**Problem statement**
Word for word, write out the entries that follow, omitting all pictures.

──────── Task data

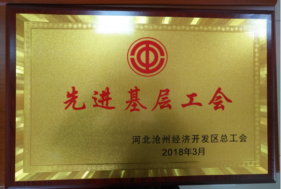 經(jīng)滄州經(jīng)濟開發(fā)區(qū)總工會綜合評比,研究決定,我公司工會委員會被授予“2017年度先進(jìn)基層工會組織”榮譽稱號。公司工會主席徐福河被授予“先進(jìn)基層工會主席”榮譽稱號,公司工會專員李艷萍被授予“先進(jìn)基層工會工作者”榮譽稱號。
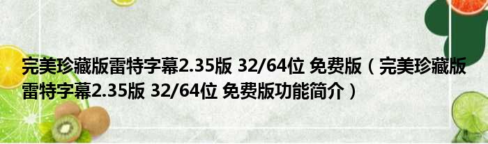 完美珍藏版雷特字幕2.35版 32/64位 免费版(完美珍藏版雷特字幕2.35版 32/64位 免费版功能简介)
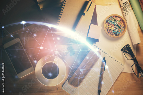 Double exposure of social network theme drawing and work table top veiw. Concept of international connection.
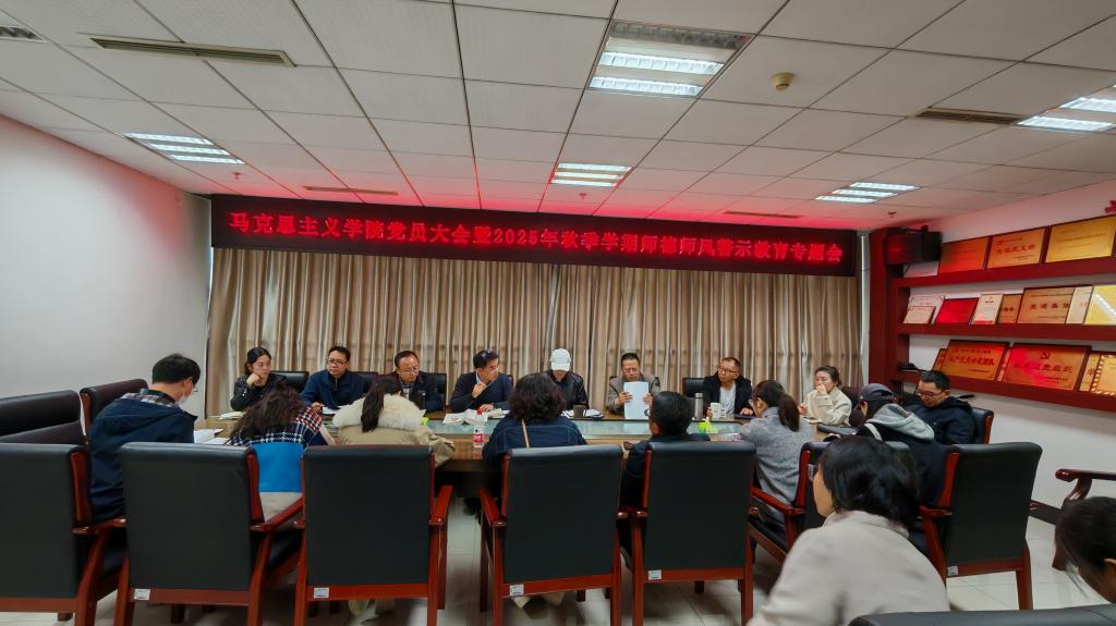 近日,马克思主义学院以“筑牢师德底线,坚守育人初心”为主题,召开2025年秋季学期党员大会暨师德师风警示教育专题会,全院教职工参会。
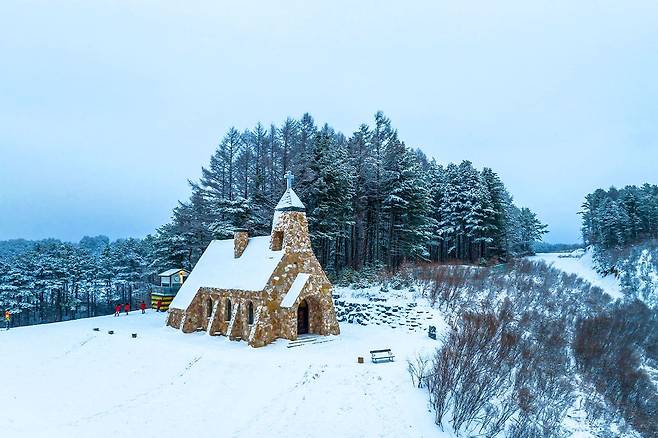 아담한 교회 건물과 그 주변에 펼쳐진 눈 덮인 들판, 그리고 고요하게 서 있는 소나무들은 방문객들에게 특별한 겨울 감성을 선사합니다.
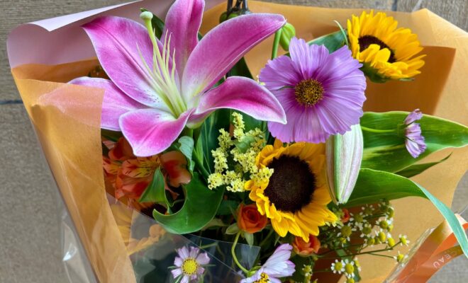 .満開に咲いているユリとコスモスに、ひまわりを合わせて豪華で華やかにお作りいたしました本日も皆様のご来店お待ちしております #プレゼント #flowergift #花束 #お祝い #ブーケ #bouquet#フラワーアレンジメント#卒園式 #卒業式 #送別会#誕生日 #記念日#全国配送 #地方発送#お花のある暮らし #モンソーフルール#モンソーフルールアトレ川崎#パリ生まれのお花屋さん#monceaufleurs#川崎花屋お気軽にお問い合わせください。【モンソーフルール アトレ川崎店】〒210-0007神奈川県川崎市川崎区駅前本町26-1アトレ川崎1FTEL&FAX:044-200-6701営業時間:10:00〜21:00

────────────────

**Solution**
 經(jīng)滄州經(jīng)濟開發(fā)區(qū)總工會綜合評比,研究決定,我公司工會委員會被授予“2017年度先進(jìn)基層工會組織”榮譽稱號。公司工會主席徐福河被授予“先進(jìn)基層工會主席”榮譽稱號,公司工會專員李艷萍被授予“先進(jìn)基層工會工作者”榮譽稱號。
 完美珍藏版雷特字幕2.35版 32/64位 免费版(完美珍藏版雷特字幕2.35版 32/64位 免费版功能简介)
 Double exposure of social network theme drawing and work table top veiw. Concept of international connection.
 近日,马克思主义学院以“筑牢师德底线,坚守育人初心”为主题,召开2025年秋季学期党员大会暨师德师风警示教育专题会,全院教职工参会。
 아담한 교회 건물과 그 주변에 펼쳐진 눈 덮인 들판, 그리고 고요하게 서 있는 소나무들은 방문객들에게 특별한 겨울 감성을 선사합니다.
 .満開に咲いているユリとコスモスに、ひまわりを合わせて豪華で華やかにお作りいたしました本日も皆様のご来店お待ちしております #プレゼント #flowergift #花束 #お祝い #ブーケ #bouquet#フラワーアレンジメント#卒園式 #卒業式 #送別会#誕生日 #記念日#全国配送 #地方発送#お花のある暮らし #モンソーフルール#モンソーフルールアトレ川崎#パリ生まれのお花屋さん#monceaufleurs#川崎花屋お気軽にお問い合わせください。【モンソーフルール アトレ川崎店】〒210-0007神奈川県川崎市川崎区駅前本町26-1アトレ川崎1FTEL&FAX:044-200-6701営業時間:10:00〜21:00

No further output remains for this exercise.